Otherwise, I would not have gone online as I had never subscribed to it ever before. Just doing it and how to apply the tech effectively has been a great learning and a journey of discovery for me. Being able to learn and work without getting out of the house has been a pleasant change and a new experience as I was usually on the road. I feel that this learning has been enriching and increased my understanding of how one views art and how society views art. the pandemic has had a great impact on how we behave and think. Art should be made a very important part of everyone’s life. Audiences turn to art when everything else is provided for. Art should be something one turns to in challenging times both in society and psychologically. Art is the first thing to be affected and art seems remote when life is difficult.
C to I: What would you say to fans who have been deprived of cultural performances due to the pandemic?
Priyadarsini Govind: I hope in-person performances happen soon. Really hope things open up. I too want to sit in a live audience.
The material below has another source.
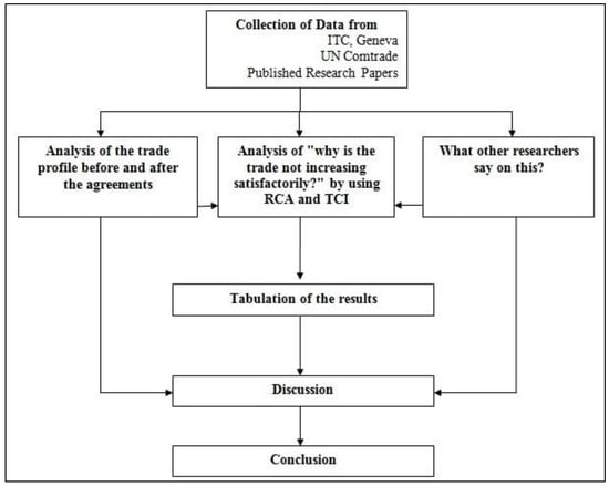 The utilization of secondary data from reputable sources such as the World Trade Organization (WTO) and the United Nations Conference on Trade and Development (UNCTAD) adds rigor and credibility to the research. This aspect connects the methodology to prior research in the field of international trade, as it leverages established data sources and aligns with previous studies that have examined trade agreements’ effects on bilateral trade relationships. Additionally, the consideration of tariff rates, non-tariff barriers, and economic indicators in data collection aligns with trade theories like the New Trade Theory, which emphasizes economies of scale and product differentiation. This comprehensive data approach ensures that the analysis encompasses multiple facets of trade agreements’ impact on India and Sri Lanka’s trade dynamics. Furthermore, our methodology’s calculation of the revealed comparative advantage (RCA) index and the trade complementarity index (TCI) directly connects to international trade theories. The use of the RCA index, for instance, reflects the application of comparative advantage theory, which suggests that countries should specialize in products where they have a relative advantage. By employing the TCI, the study delves into the notion of trade complementarity, reflecting the New Trade Theory’s emphasis on specialization and product differentiation. These indices serve as empirical tools to assess whether the trade agreements align with these fundamental trade theories and whether they lead to increased trade specialization and complementarity between India and Sri Lanka. In terms of previous research and trade theories, the methodology also contributes by evaluating the SAFTA and ISFTA agreements in light of their objectives, provisions, and actual impacts on bilateral trade. This approach aligns with prior studies that have assessed the effectiveness of trade agreements [71,72,73]. The comparison of trade flows and performance before and after the implementation of these agreements reflects a broader trend in trade research, wherein researchers seek to understand the causal relationships and statistical significance of trade agreements regarding trade dynamics.

I miss the sheer energy and collective response of the audience instead of being alone on screen. We should seek the opportunity provided by IPAC and Esplanade should grab every opportunity.
C to I: On 10 years in IPAC and bringing this film.
Priyadarsini Govind: This has been a fantastic milestone; Angkor has been a huge production one can only dream of doing. Going to Cambodia, working on the atmosphere, teaching different students and the sheer magnitude of different elements were fantastic experiences. By teaching, you learn a lot and lecture demonstrations were something new I ventured into. DIAP-IPAC has pushed me to work on things that would have taken longer to do on my own. Yavanika was a dream I dared to dream because of IPAC and Aravinth.